= Charles Chadwick (novelist) =

English novelist (1932–2025)

Charles McKenzie Chadwick (31 July 1932 – 16 June 2025) was an English novelist.

Chadwick's father was Trevor Chadwick. Chadwick was born in Swanage. He worked as a civil servant from the early 1970s. He held a position as a British Council officer in Nigeria in 1972 and worked in Kenya, Brazil, Canada, and Poland, where he was the Council's Director.

Chadwick retired from the civil service in 1992. He wrote several novels, all of which were originally rejected by publishers.

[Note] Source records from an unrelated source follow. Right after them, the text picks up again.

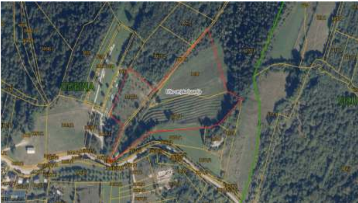
Slika 1 Izvod iz katastarskog plana

Zemljište, koje je u vlasništvu OPG-a Brkić, obuhvaća tri katastarske čestice (3077/1, 3072/3 i 3076) ukupne površine 30.649 m 2 u općini Udbina. Cestovno je dobro povezano, udaljeno je samo 1 km od obiteljske kuće i 18 km od ulaza na autocestu Zagreb-Split. Dobra cestovna povezanost je izrazito bitna kod poljoprivredne proizvodnje zbog bržeg izvoza proizvoda s parcele i bržeg dolaska mehanizacije.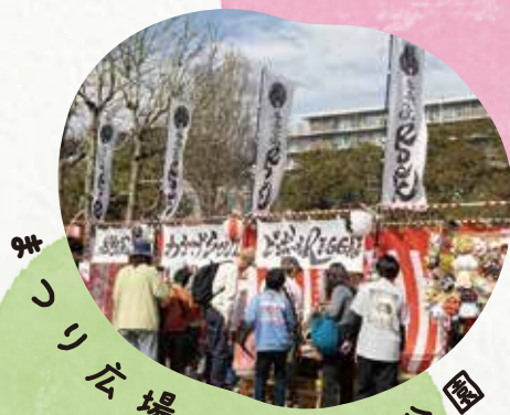
公園 御殿辺 おしなま場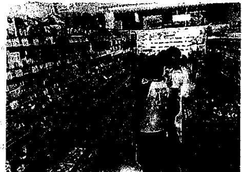
9月12日(火) スーパー見学(3年) たくさんの工夫を見つけました。買い物体験もしました。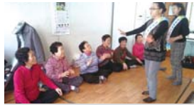
경로당 웃음치료(매주 목·금)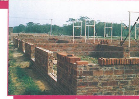
各災區興建中之房屋景況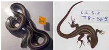
Actividad de Rescate de Fauna y Micromamíferos.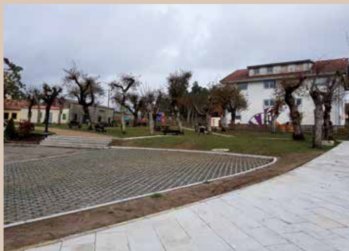
Melloráronse as beirarrúas para evitar resbalóns os días de choiva

As obras realizadas consistiron na plantación de céspede natural en toda a zona e o acondiciona-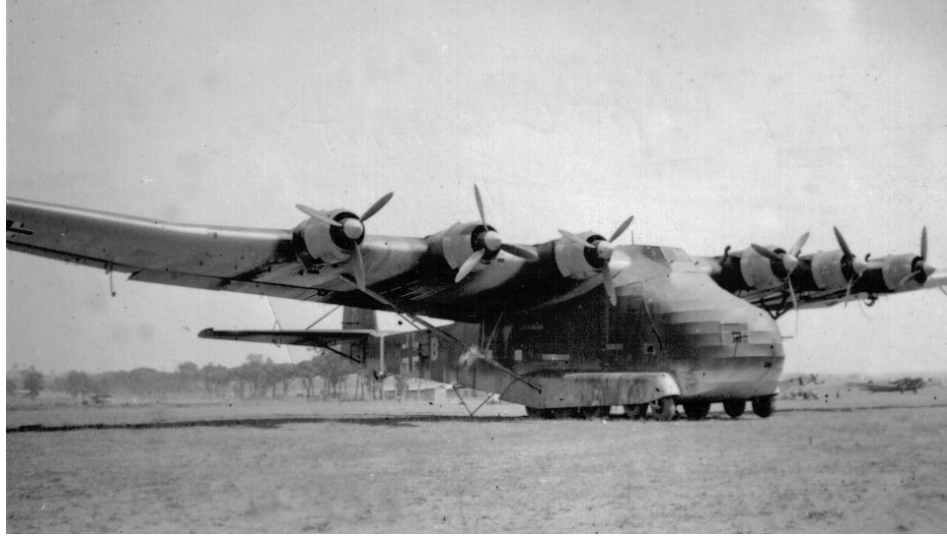
Vokiečių sunkusis transporto lėktuvas „Me-323 Gigant“.

vyriausiasis vadas grosadmirolas Dönitzas. Jis perspėjo Hitlerį, kad pasitraukimas iš Krymo iš esmės pablogins Vokietijos laivyno padėtį Juodojoje jūroje. O dėl 17-osios armijos aprūpinimo tikrai nekils sunkumų; karinis jūrų laivynas gali užtikrinti 50 000 tonų krovinių pristatymą per mėnesį. Jei vis dėlto teks kariuomenei atsitraukti, karinis jūrų laivynas irgi tuo pasirūpins. Turimais laivais galima išgabenti iki 20 000 žmonių su visa ginkluote per keturias dienas. Tai reiškia, kad visą 17-ąją armiją su 200 000 žmonių, su arkliais ir kovos technika pavyktų evakuoti per keturiasdešimt dienų, o jei oras smarkiai sugestų, išvežimas truktų apie aštuoniasdešimt dienų.

In 2004, Chadwick was offered a major Faber and Faber publishing deal for his novel It's All Right Now, which was written over a period of thirty years. In its initial edition, the book was 679 pages and covered the life of an ordinary middle-aged English man from his thirties into his sixties (tagline: "A written life, an unwritten life", as quoted from last page). The book was published in May 2005 by Faber & Faber in the UK and HarperCollins in the U.S.

Chadwick was appointed Officer of the Order of the British Empire (OBE) in the 1984 Birthday Honours, and Commander of the Order of the British Empire (CBE) in the 1992 New Year Honours, for services to the British Council whilst he was a British Council officer.

Chadwick died on 16 June 2025 aged 92; his death being announced on 2 July.